▸ DATASET RECORDS
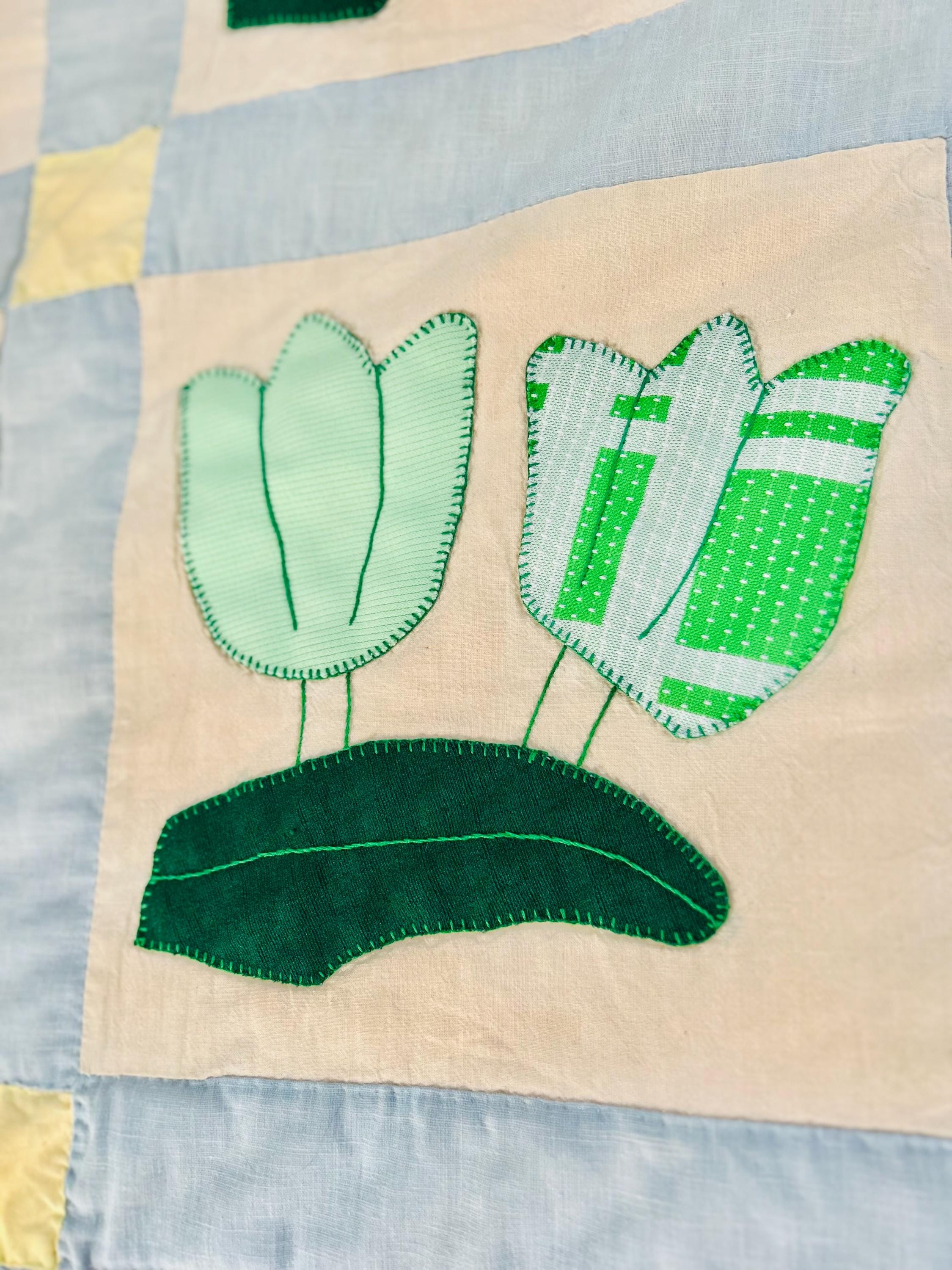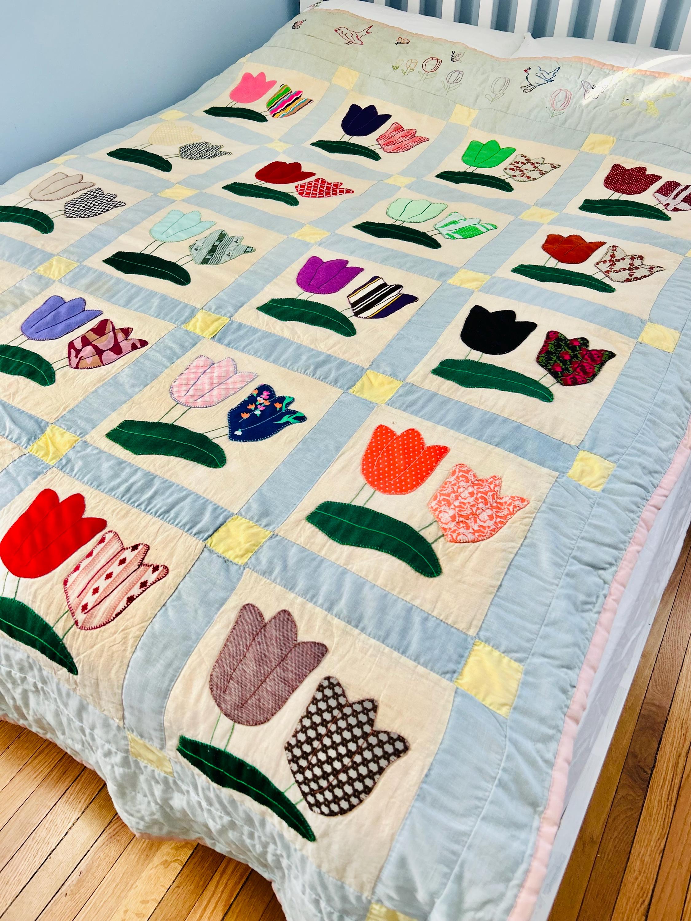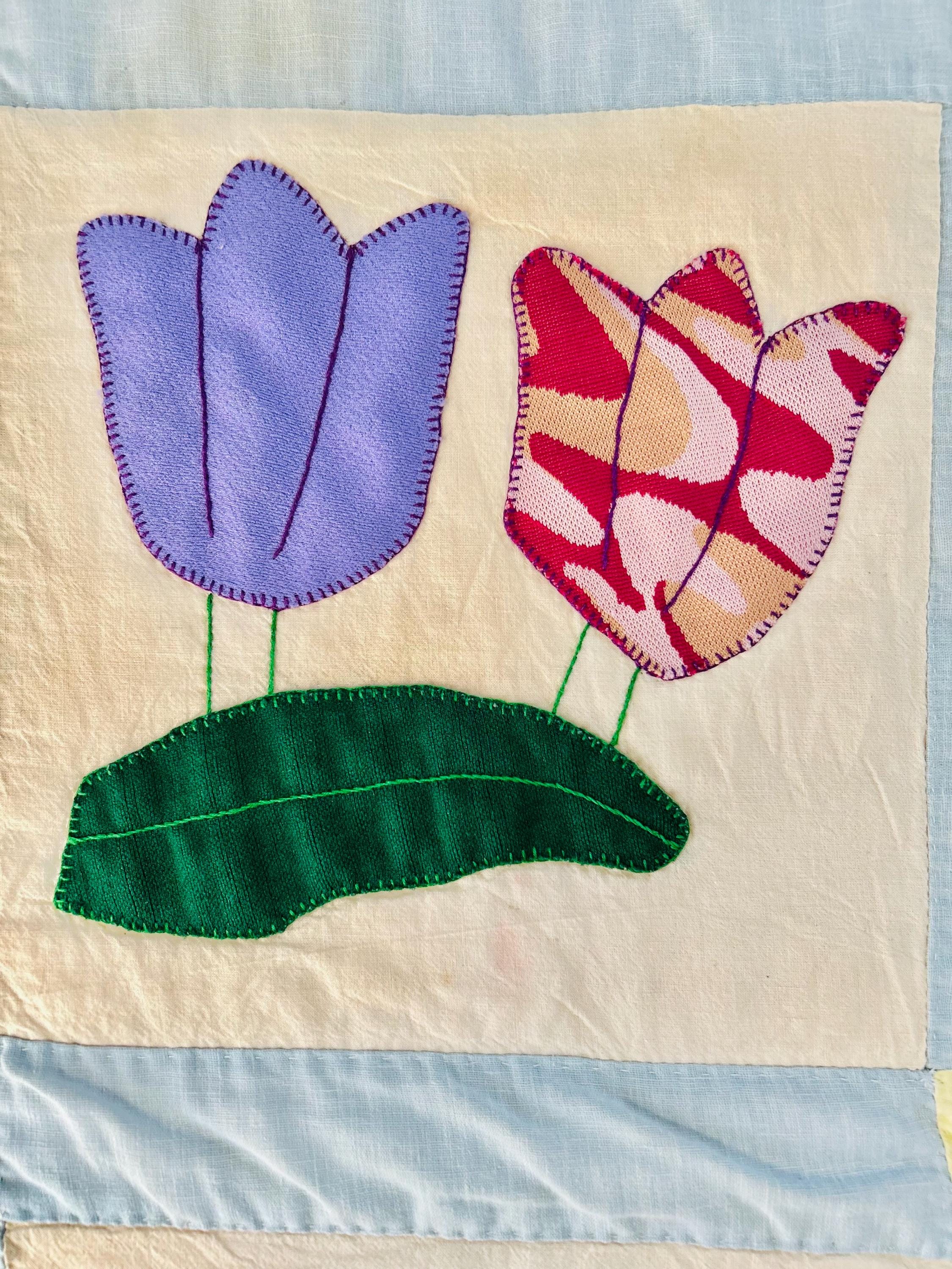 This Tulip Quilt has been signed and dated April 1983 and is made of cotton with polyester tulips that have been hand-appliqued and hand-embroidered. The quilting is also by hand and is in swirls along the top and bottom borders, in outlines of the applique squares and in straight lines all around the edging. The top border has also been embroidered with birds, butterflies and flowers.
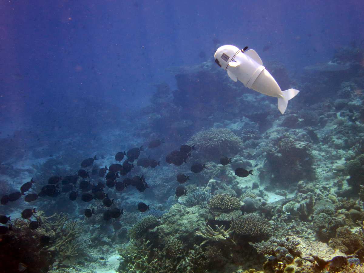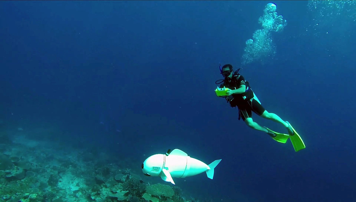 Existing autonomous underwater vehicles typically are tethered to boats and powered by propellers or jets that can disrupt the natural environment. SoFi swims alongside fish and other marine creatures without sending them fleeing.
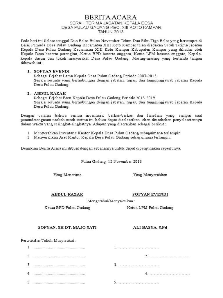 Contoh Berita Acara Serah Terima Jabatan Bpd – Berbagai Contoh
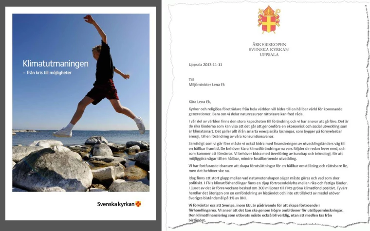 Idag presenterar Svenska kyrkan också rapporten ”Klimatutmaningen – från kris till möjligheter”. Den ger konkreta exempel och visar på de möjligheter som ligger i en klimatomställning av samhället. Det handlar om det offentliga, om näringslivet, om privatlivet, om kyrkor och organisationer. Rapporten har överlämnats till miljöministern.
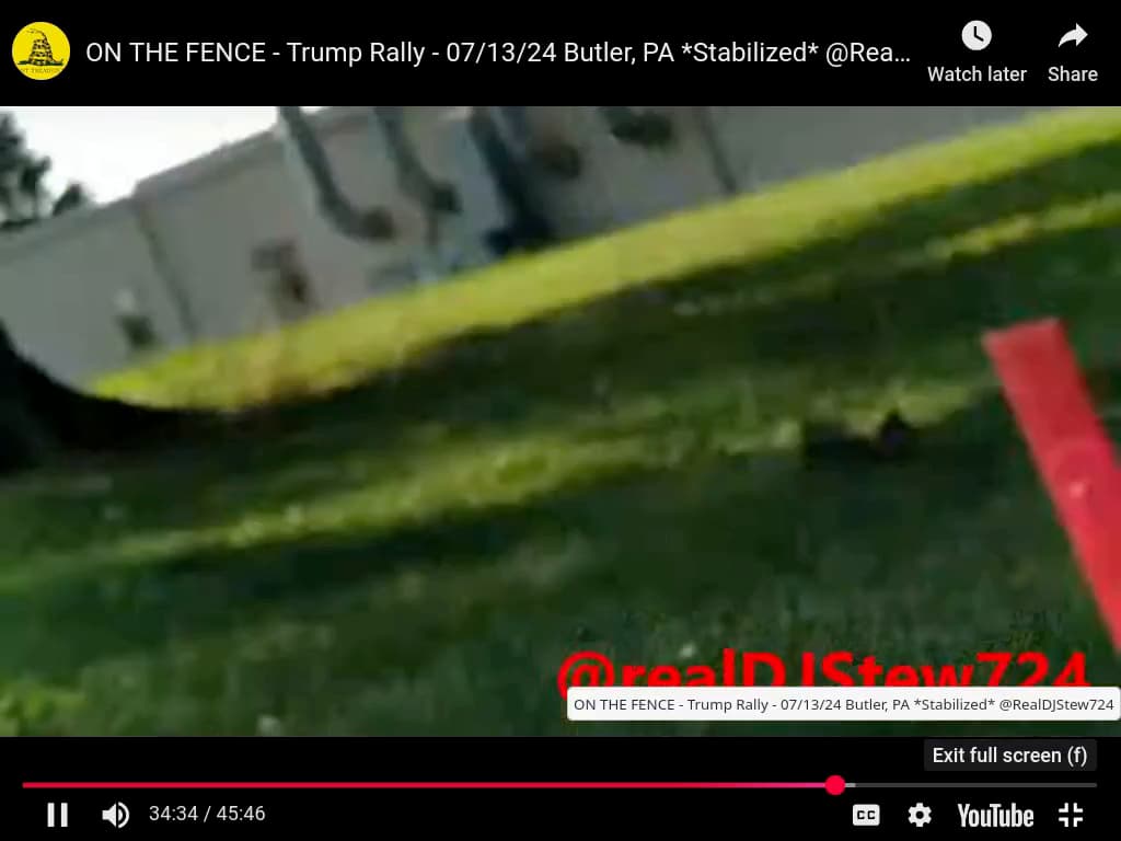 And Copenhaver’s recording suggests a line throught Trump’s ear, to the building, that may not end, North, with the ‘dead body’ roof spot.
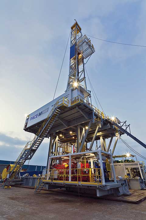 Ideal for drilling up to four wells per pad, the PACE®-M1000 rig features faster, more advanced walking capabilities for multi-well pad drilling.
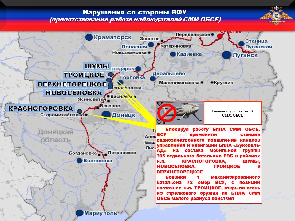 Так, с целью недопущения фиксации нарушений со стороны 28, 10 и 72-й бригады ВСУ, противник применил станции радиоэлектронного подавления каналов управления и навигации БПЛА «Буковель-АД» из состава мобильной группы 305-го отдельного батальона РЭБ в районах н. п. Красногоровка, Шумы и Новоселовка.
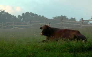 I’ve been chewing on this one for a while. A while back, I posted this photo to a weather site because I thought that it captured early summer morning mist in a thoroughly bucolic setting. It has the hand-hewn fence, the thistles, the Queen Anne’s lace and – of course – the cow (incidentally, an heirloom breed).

▸ GOAL OF THE EXERCISE
The pictures stay out of the copy. Set down the entries above precisely.

▸ THE ANSWER
 This Tulip Quilt has been signed and dated April 1983 and is made of cotton with polyester tulips that have been hand-appliqued and hand-embroidered. The quilting is also by hand and is in swirls along the top and bottom borders, in outlines of the applique squares and in straight lines all around the edging. The top border has also been embroidered with birds, butterflies and flowers.
 Existing autonomous underwater vehicles typically are tethered to boats and powered by propellers or jets that can disrupt the natural environment. SoFi swims alongside fish and other marine creatures without sending them fleeing.
 Contoh Berita Acara Serah Terima Jabatan Bpd – Berbagai Contoh
 Idag presenterar Svenska kyrkan också rapporten ”Klimatutmaningen – från kris till möjligheter”. Den ger konkreta exempel och visar på de möjligheter som ligger i en klimatomställning av samhället. Det handlar om det offentliga, om näringslivet, om privatlivet, om kyrkor och organisationer. Rapporten har överlämnats till miljöministern.
 And Copenhaver’s recording suggests a line throught Trump’s ear, to the building, that may not end, North, with the ‘dead body’ roof spot.
 Ideal for drilling up to four wells per pad, the PACE®-M1000 rig features faster, more advanced walking capabilities for multi-well pad drilling.
 Так, с целью недопущения фиксации нарушений со стороны 28, 10 и 72-й бригады ВСУ, противник применил станции радиоэлектронного подавления каналов управления и навигации БПЛА «Буковель-АД» из состава мобильной группы 305-го отдельного батальона РЭБ в районах н. п. Красногоровка, Шумы и Новоселовка.
 I’ve been chewing on this one for a while. A while back, I posted this photo to a weather site because I thought that it captured early summer morning mist in a thoroughly bucolic setting. It has the hand-hewn fence, the thistles, the Queen Anne’s lace and – of course – the cow (incidentally, an heirloom breed).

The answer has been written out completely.